A Randomized Phase 2 Study Of Mau868 Vs Placebo To Treat Bk Viremia In Kidney Transplant Recipients

S. Jordan¹, A. P. Limaye², B. Fischbach³, P. Sood⁴, S. Collette⁵, L. Gasink⁶, M. W. Fordyce⁷, C. J. Lin⁷, M. Hodges⁶, D. C. Brennan⁸

¹Cedars-Sinai Medical Center, Los Angeles, CA, ²University of Washington, Seattle, WA, ³Dallas Nephrology Associates, Inc, Dallas, TX, ⁴University of Pittsburgh Medical Center, Pittsburgh, PA, ⁵Hôpital Maisonneuve-Rosemont, Montréal, QC, Canada, ⁶previous employee/consultant for Amplyx Pharmaceuticals, San Diego, CA, ⁷Vera Therapeutics, Inc, Brisbane, CA, ⁸Johns Hopkins School of Medicine, Baltimore, MD

Meeting: 2022 American Transplant Congress

Abstract number: 9004

Keywords: Kidney transplantation, Monoclonal antibodies, Polyma virus, Viral therapy

Topic: Basic & Clinical Science » Basic & Clinical Science » 74 - Clinical Trials

Session Information

Session Name: Late Breaking: Clinical Trials

Session Type: Rapid Fire Oral Abstract

Date: Saturday, June 4, 2022

Session Time: 2:00pm-3:00pm

Presentation Time: 2:30pm-2:40pm

Location: Hynes Ballroom B

*Purpose: To assess the safety and efficacy of MAU868, a BK virus-specific monoclonal antibody, in adult kidney transplant recipients with BK viremia.
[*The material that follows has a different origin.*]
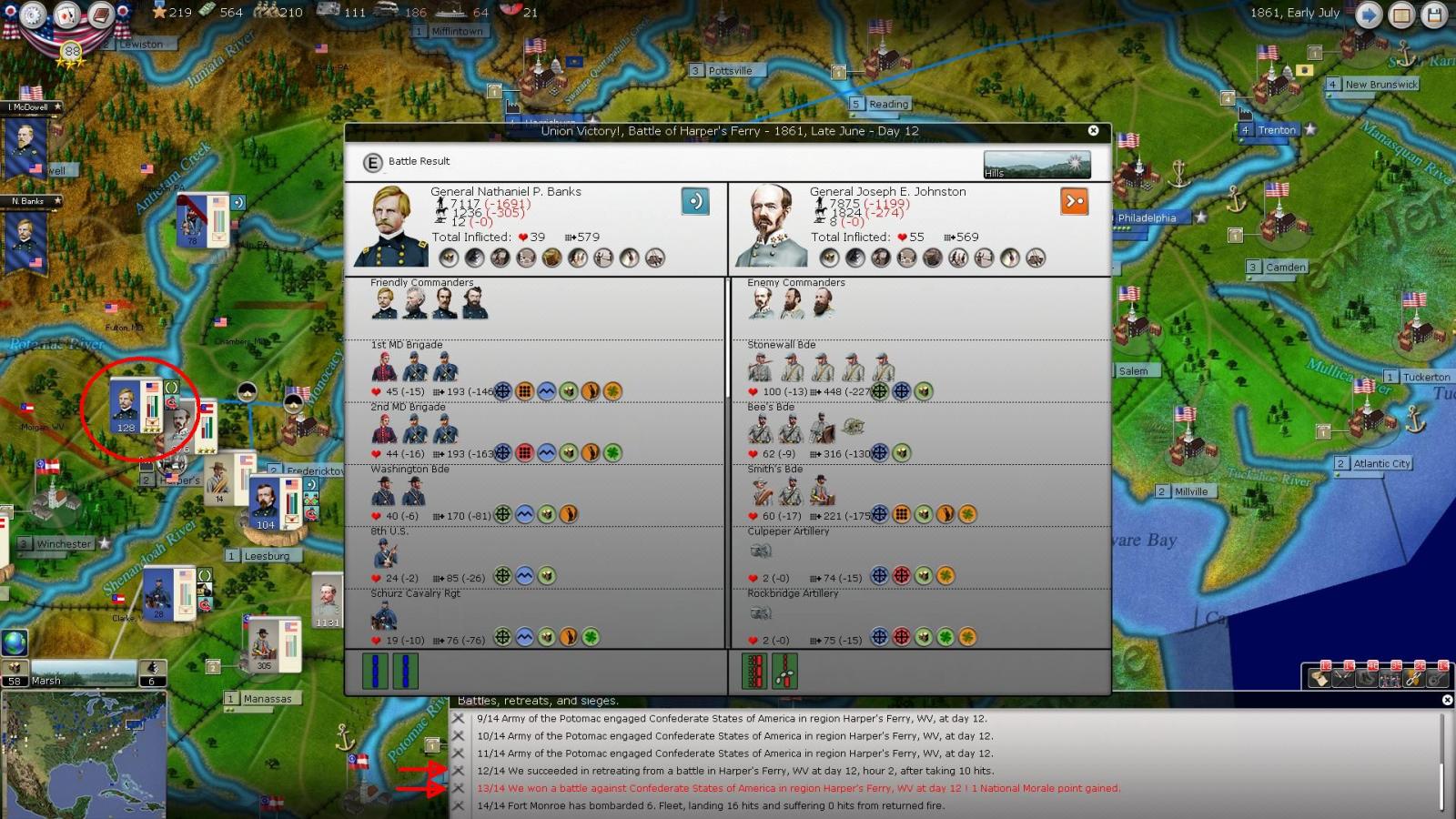 Everything here points to a CSA victory in the battle though. The Confederates inflicted more hits and forced the enemy stack out of the region. To me that should equal a victory. How else is a victory defined other than casualties and ground taken.....

*Methods: This is a Phase 2, randomized, placebo-controlled, double-blind study in patients who received a kidney transplant within 1 year of enrollment and, within 10 days of enrollment, had BK viremia (≥10⁴ DNA copies/mL or detectable BK viral load [≥10³ copies/mL] in ≥1 of 2 samples 1 to 3 weeks apart). Patients received MAU868 or placebo intravenously (IV) every 28 days for 12 weeks, with 24 weeks follow-up. This interim analysis reports results at 12 weeks for 2 cohorts: MAU868 1350 mg IV x4 doses, and MAU868 6750 mg IV followed by MAU868 1350 mg IV x3 doses. The primary endpoint was safety; antiviral activity was assessed in secondary and post-hoc analyses.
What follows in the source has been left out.